_The task_. Skip the pictures and repeat each line of the data exactly.

_Data provided_.
Start of Block

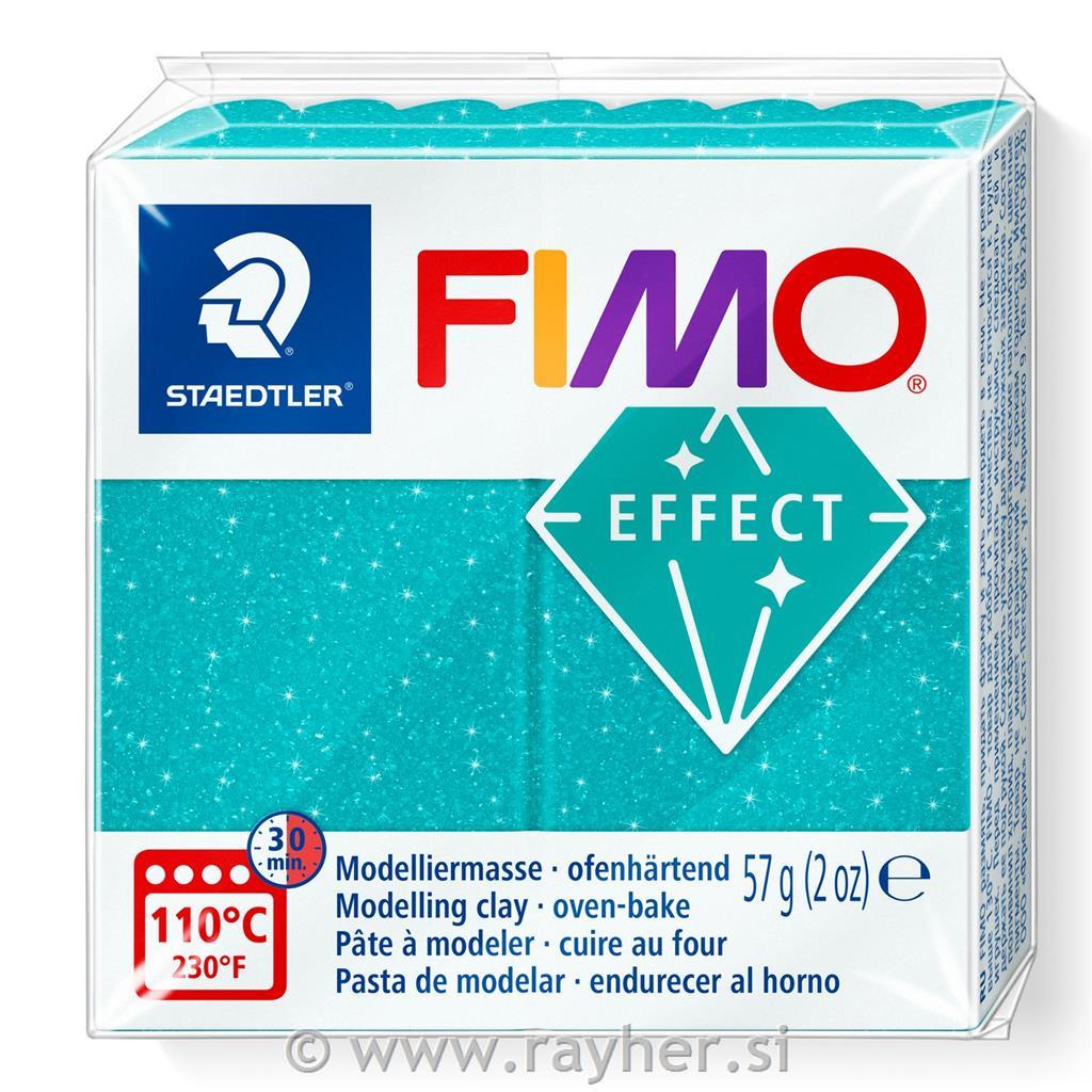 FIMO EFFECT je modelirna masa, ki je preprosta za uporabo in se lahko utrdi v domači kuhinjski pečici pri temperaturi 110°C. Čas utrjevanja je približno 30 minut. Z mešanjem osnovnih barv lahko dosežete poljuben odtenek, neutrjen FIMO lahko znova in znova pregnetete in preoblikujete. Utrjenemu izdelku se lahko doda FIMO in se ponovno utrdi, pod pogojem, da izdelek še ni bil barvan ali lakiran. Dokončan izdelek ni prepusten za vodo, lahko ga umijete.
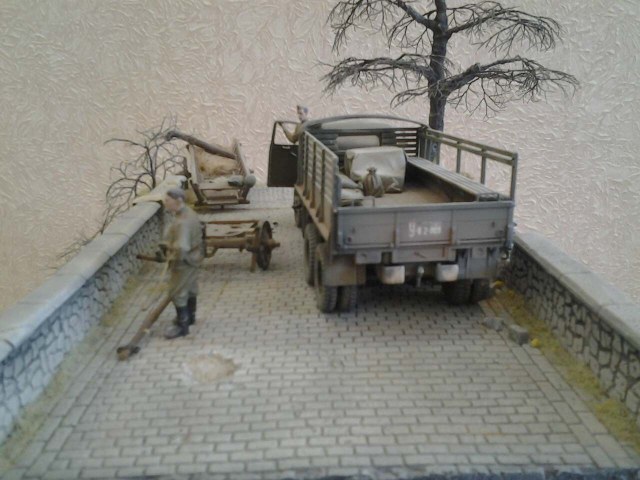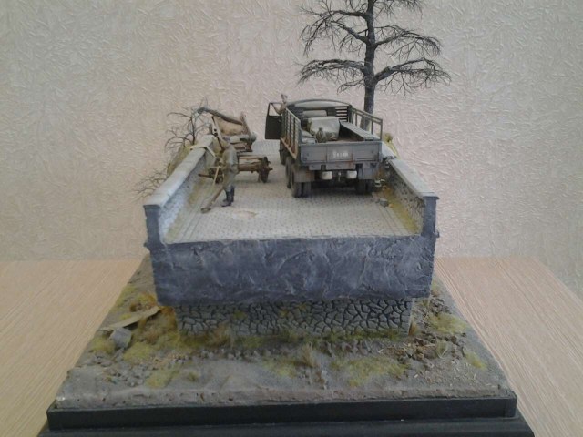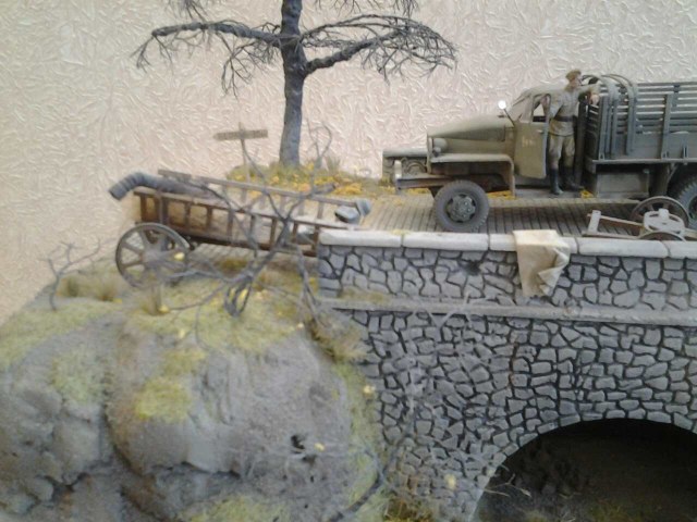 Фото бледноваты. Композиция - очень здорово, заготовка основания - великолепна, это ж сколько труда надо гипс резать, ствол и ветви дерева - просто отлично, но есть ощущение художественной недоработанности, в частности основания. На мой взгляд, мосту, мостовой и тому, что под мостом (а где река?) нужна тонировка с использованием, различных оттенков, т.е. опогоживание, как-то монотонно-однотонно выглядит большое пространство диорамы. Непонятно, дерево не живое, без листьев, обгорело, наверно, но мелкие ветви целы? Может зима, но в то же время, шофер по летнему, травка зеленеет. Может пылевая буря все накрыла? Авто и солдат рассмотреть четко практически не возможно. Итог. Композиционно работа - отлично, но по художке - желательно бы подработать. Желательно фото сделать профессионально или хотя бы с использованием лучшего разрешения, аппаратуры, ну и снять не на фоне обоев, а придумать, какой-нибудь задник.
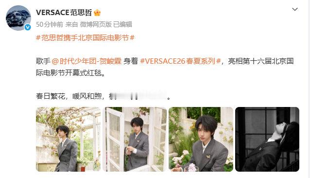 范思哲官方认领贺峻霖 贺峻霖春日少年 范思哲官方认领贺峻霖,贺峻霖春日少年上线,灰色西装搭配蝴蝶胸针,置身花丛间,好一个春日少年,期待和你的主持北影节的见面啦~ 北京国际电影节
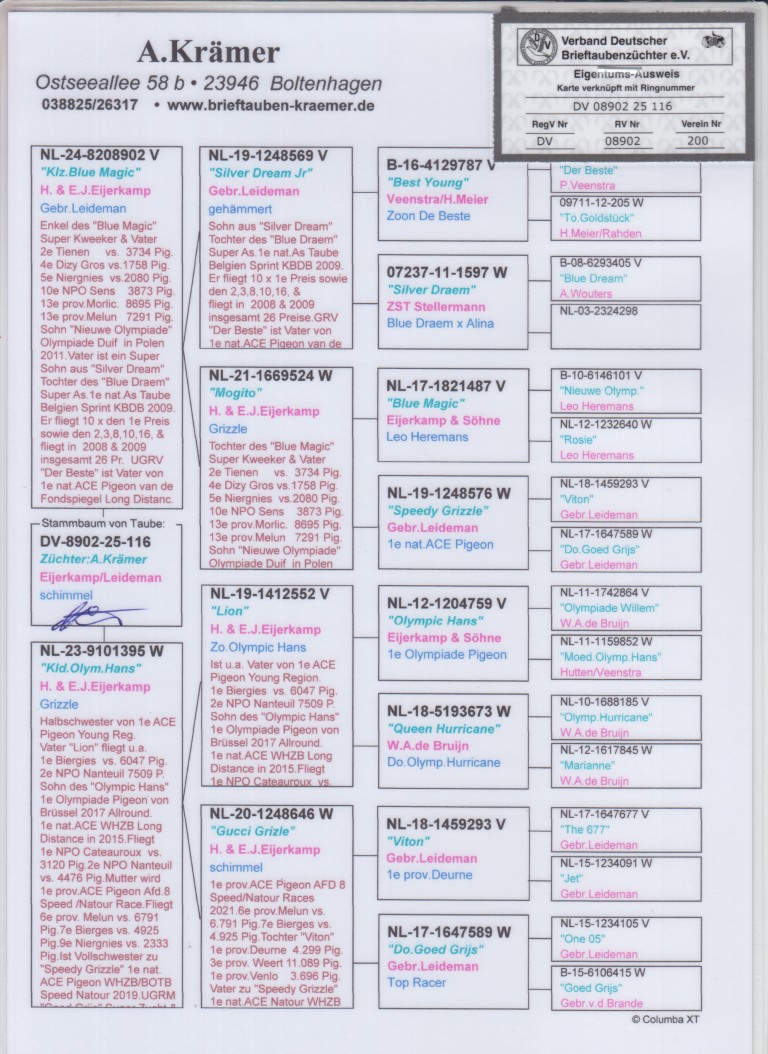 Uit: ”Klz. Blue Magic”, 1/2 broer ”Olympic Amber”, Olympiade duif 2026, uit dochter ”Speedy Grizzle”, 1. Nat. Asduif Sprint WHZB x ”Kld. Olympic Hans”, dochter ”Gucci Grizzle”, 1. Prov. Asduif Sprint & kld. ”Goed Grijs”

End of Block

_Solution to the exercise_.
 FIMO EFFECT je modelirna masa, ki je preprosta za uporabo in se lahko utrdi v domači kuhinjski pečici pri temperaturi 110°C. Čas utrjevanja je približno 30 minut. Z mešanjem osnovnih barv lahko dosežete poljuben odtenek, neutrjen FIMO lahko znova in znova pregnetete in preoblikujete. Utrjenemu izdelku se lahko doda FIMO in se ponovno utrdi, pod pogojem, da izdelek še ni bil barvan ali lakiran. Dokončan izdelek ni prepusten za vodo, lahko ga umijete.
 Фото бледноваты. Композиция - очень здорово, заготовка основания - великолепна, это ж сколько труда надо гипс резать, ствол и ветви дерева - просто отлично, но есть ощущение художественной недоработанности, в частности основания. На мой взгляд, мосту, мостовой и тому, что под мостом (а где река?) нужна тонировка с использованием, различных оттенков, т.е. опогоживание, как-то монотонно-однотонно выглядит большое пространство диорамы. Непонятно, дерево не живое, без листьев, обгорело, наверно, но мелкие ветви целы? Может зима, но в то же время, шофер по летнему, травка зеленеет. Может пылевая буря все накрыла? Авто и солдат рассмотреть четко практически не возможно. Итог. Композиционно работа - отлично, но по художке - желательно бы подработать. Желательно фото сделать профессионально или хотя бы с использованием лучшего разрешения, аппаратуры, ну и снять не на фоне обоев, а придумать, какой-нибудь задник.
 范思哲官方认领贺峻霖 贺峻霖春日少年 范思哲官方认领贺峻霖,贺峻霖春日少年上线,灰色西装搭配蝴蝶胸针,置身花丛间,好一个春日少年,期待和你的主持北影节的见面啦~ 北京国际电影节
 Uit: ”Klz. Blue Magic”, 1/2 broer ”Olympic Amber”, Olympiade duif 2026, uit dochter ”Speedy Grizzle”, 1. Nat. Asduif Sprint WHZB x ”Kld. Olympic Hans”, dochter ”Gucci Grizzle”, 1. Prov. Asduif Sprint & kld. ”Goed Grijs”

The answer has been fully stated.